Santa Monica is immensely valuable. Therefore the city must have a list of priorities and benefits that are agreed on ahead of time and form a strong compensation to the city and its residents for the value of the development agreements and development in general. Community benefits must always be present in Tier 3 and Tier 2 developments. Our objective is to ensure that the development produces a wave of public investment that matches the private investment.
• What is your definition of overdevelopment and what is your plan to prevent it?
Huge buildings that overwhelm city streets, out of balance developments that force too much building on too little a site, canyon-ize of city streets, high-rise in the wrong place, buildings with hundreds of apartments that are 15 feet from the freeway, buildings with hundreds of tiny apartments. Tighten and toughen our zoning code, reject inappropriate development agreements, say no often, lay out clear standards and make the scale and balance of our city an overriding concern.
• The sputtering economy and the rise in pension contribution costs have forced some cities to file for bankruptcy. Santa Monica is doing better than most, but if nothing is done to trim costs, deficits will become reality.

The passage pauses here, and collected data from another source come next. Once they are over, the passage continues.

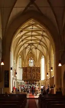 The main altar, located in the choir of St. Margaret's church, is a late Gothic winged altarpiece, dated between 1480 and 1520. Its work-day (closed) view is adorned with eight painted panels depicting the passion of Christ.[7] On the northern walls of the nave and north aisle, frescoes were discovered under layers of white paint, and partly restored.[8] In the choir, eight grave slates are on display today, one of them commemorating the pastor, poet and humanist Christian Schesaeus (1535–1585). Various wooden and painted epitaphs adorn the interior of the church. St. Margaret's church also harbours one of the largest collections of the so-called "Transylvanian" rugs, 16th–18th century Anatolian rugs in Europe.[9]
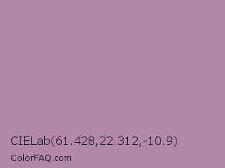 CIELab 61.428,22.312,-10.9 Color is a light magenta color and the nearest color is Opera Mauve #b784a7. Hex code #b387a8 and RGB value is rgb(179,135,168). In RGB color space, this color is composed of 70% red, 53% green, 66% blue, In CMYK color space, this color is composed of 0% cyan, 25% magenta, 6% yellow , 30% black , In HSL color space, this color has a hue angle of 315° , 22% saturation and 62% lightness.
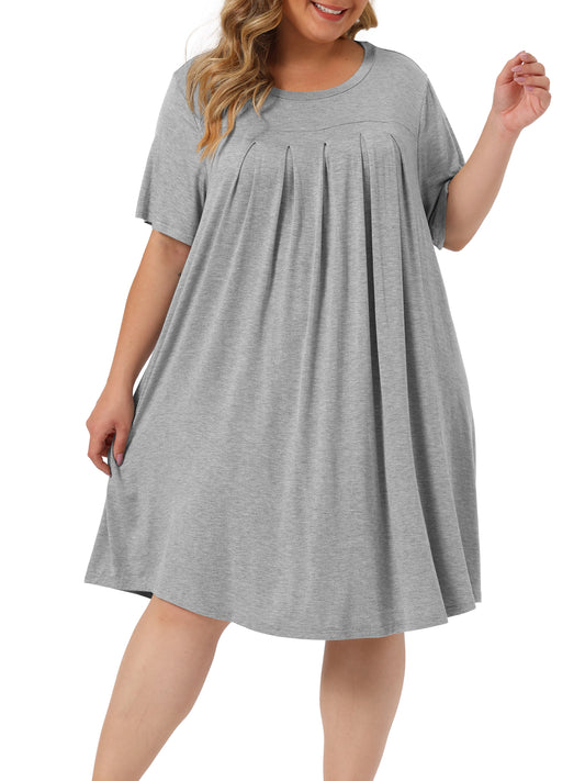 Women Plus Size Nightgown Short Sleeve Round Neck Pajama Nightshirt
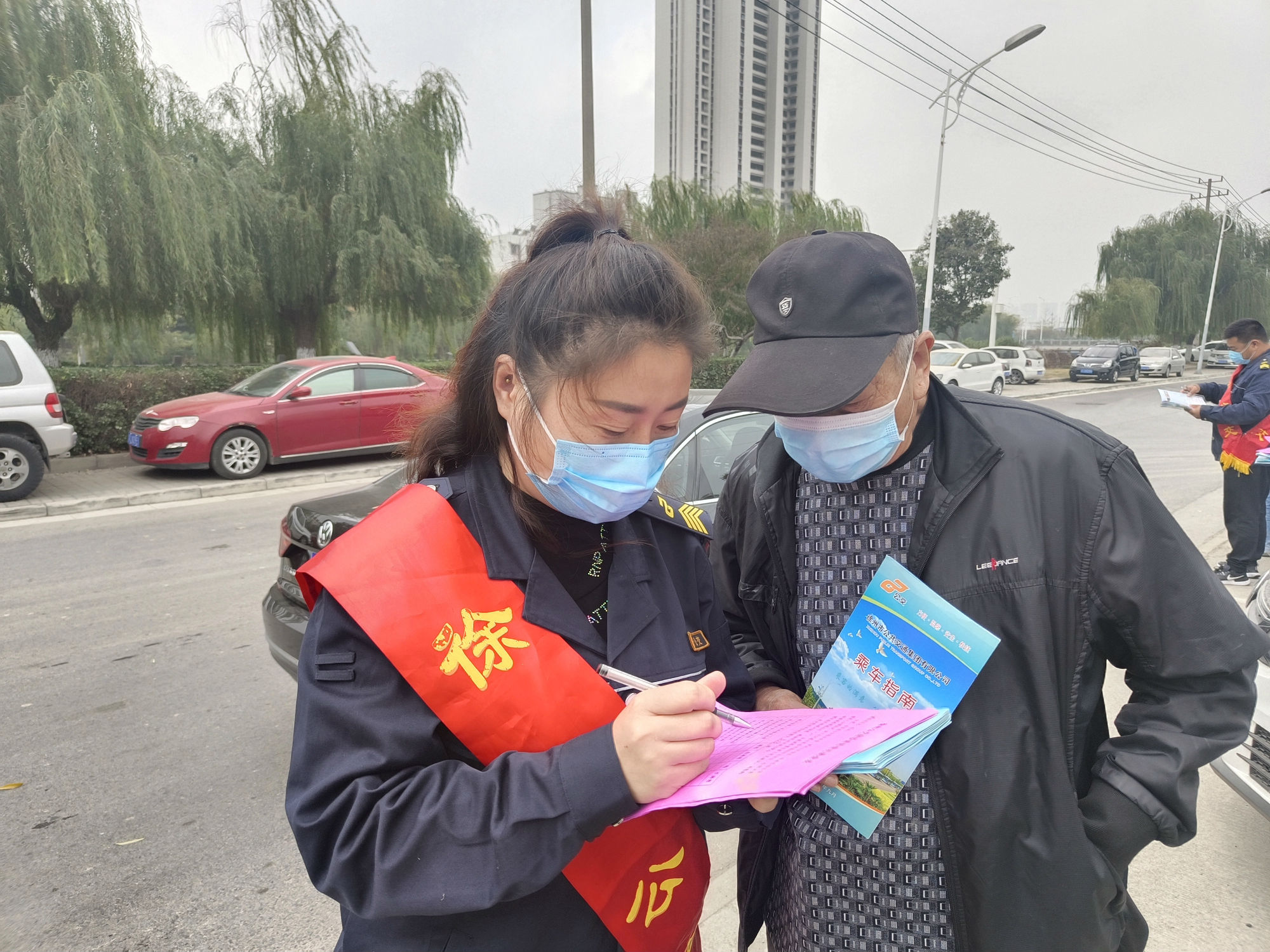 志愿者身穿干凈整潔的行業(yè)服,佩戴紅綬帶,在西苑車(chē)場(chǎng)宣傳文明乘車(chē)出行,引導(dǎo)市民有序乘車(chē)、文明讓座、綠色出行,讓市民了解選擇公共綠色交通工具出行的重要性,并協(xié)助乘客使用雙碼乘車(chē),鼓勵(lì)更多市民參與到公交出行周的活動(dòng)中去。
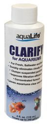 Cloudy water will never be a problem again! Enjoy a crystal clear aquarium with AquaLife CLARIFY for Aquariums. Suspended particles that are too fine to be removed by mechanical filtration cause water to appear cloudy. Whether resulting from overfeeding, a bloom of bacteria, or gravel dust, cloudy water can become clear water in minutes with AquaLife CLARIFY for Aquariums.
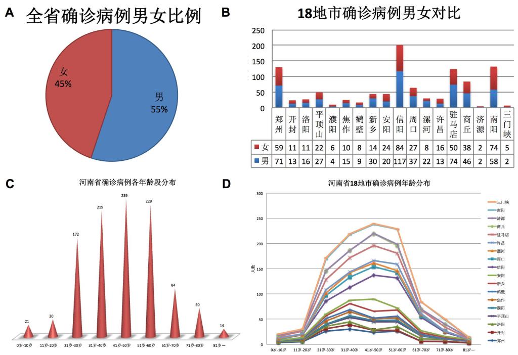 图2:河南省1047个确诊病例性别及年龄分布。A.整体男女比例;B.18地市男女数量对比;C.整体年龄分布;D. 18地市年龄分布。

What's your plan for controlling public employee pension costs?
We need to restrain the number in City Hall, make changes to the way we do business and constrain the cost of running the city by rearranging staffing, becoming more flexible in customer service, use technology to solve residents' needs. It's clearly bureaucracy, not service, you want to cut. It's the staff numbers that create the overall issue.
• How do you get across town during rush hour? Any tips or shortcuts?
I ride my bike. Everyone should.
• What should City Hall's role be when it comes to the creation of affordable housing?
City Hall needs to be leading. The state removing redevelopment agencies means less housing. Our new strategy will be based around city budget dollars, forming a foundation and partnership for major pension plan investment and thus a sizable opportunity for new housing. The same approach will be used for workforce accommodation.